INFORMATION SUPPLIED:
※ ※ ※

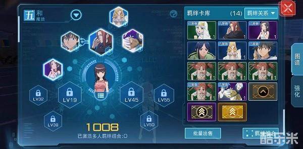 羁绊卡方面,五和优先提升攻击、防御、暴击。羁绊卡可以用紫色防御茵蒂克丝,相连的3个羁绊卡分别可以是紫色史提尔,五和,风斩。这样搭配的可以保持足够血量。另外一边可以是紫色攻击妹妹,可以连上紫色军霸,最后之作,炮姐,这样的组合使各方面输出都有保障。其余一角可以考虑蓝发耳环,土御门这种暴击和生命卡,会有不错的提升。如果有条件的话,金羁绊生命,防御,暴击,爆伤都是不错的选择。
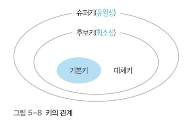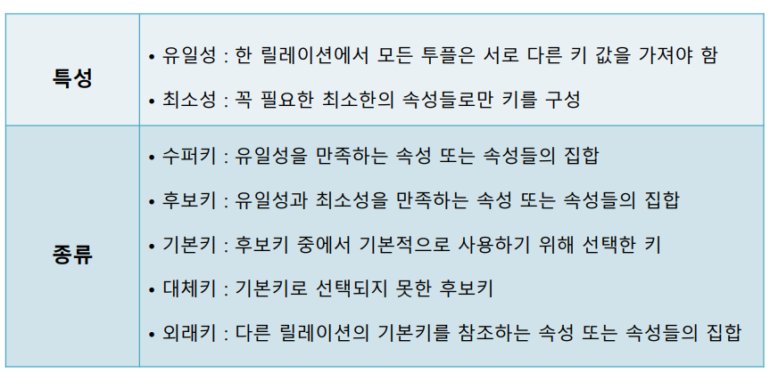 - 기본키, 후보키, 대체키, 슈퍼키, 외래키
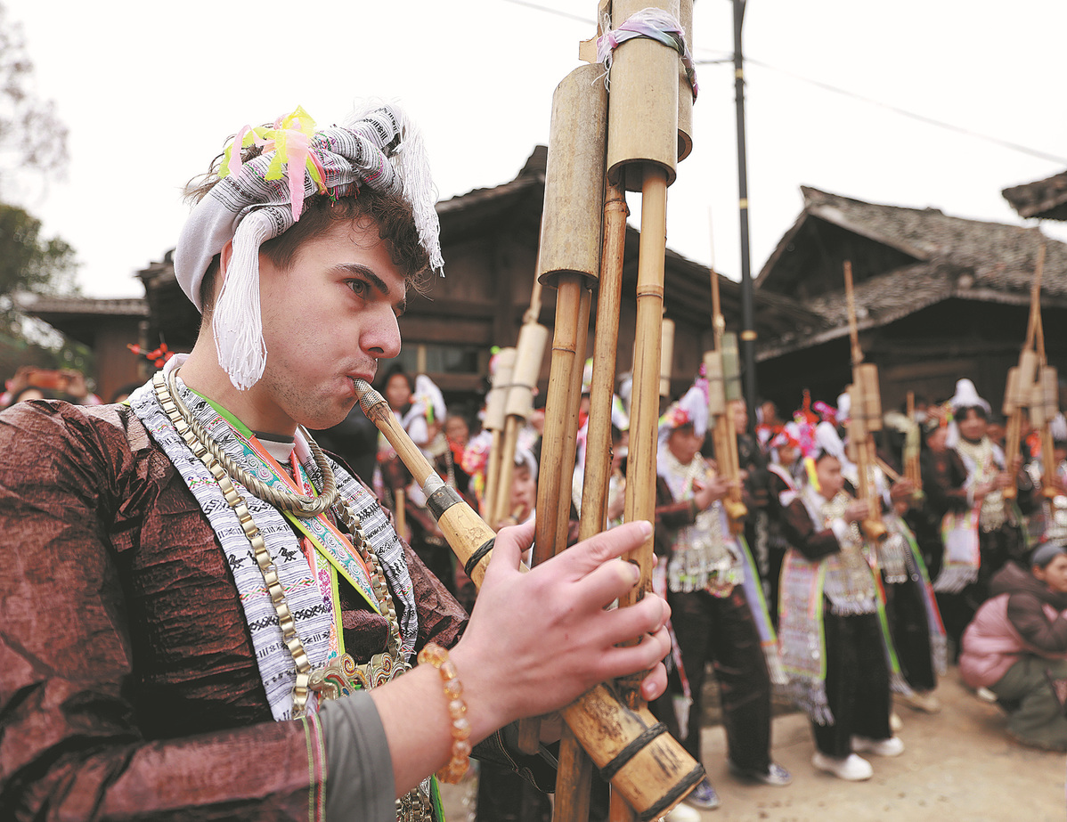 A foreign visitor plays a lusheng (reed pipe) together with villagers of the Miao ethnic group in Congjiang county, Guizhou province, on Dec 20. (Photo/China Daily)
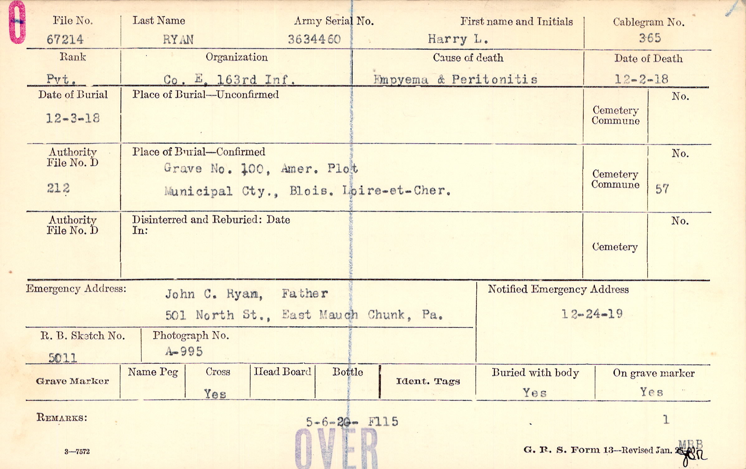 John C. Ryan, Father, 501 North St., East Mauch Chunk, Pa.

※ ※ ※

PROBLEM DESCRIPTION: Repeat the material exactly and drop each image.

RESPONSE:
 羁绊卡方面,五和优先提升攻击、防御、暴击。羁绊卡可以用紫色防御茵蒂克丝,相连的3个羁绊卡分别可以是紫色史提尔,五和,风斩。这样搭配的可以保持足够血量。另外一边可以是紫色攻击妹妹,可以连上紫色军霸,最后之作,炮姐,这样的组合使各方面输出都有保障。其余一角可以考虑蓝发耳环,土御门这种暴击和生命卡,会有不错的提升。如果有条件的话,金羁绊生命,防御,暴击,爆伤都是不错的选择。
 - 기본키, 후보키, 대체키, 슈퍼키, 외래키
 A foreign visitor plays a lusheng (reed pipe) together with villagers of the Miao ethnic group in Congjiang county, Guizhou province, on Dec 20. (Photo/China Daily)
 John C. Ryan, Father, 501 North St., East Mauch Chunk, Pa.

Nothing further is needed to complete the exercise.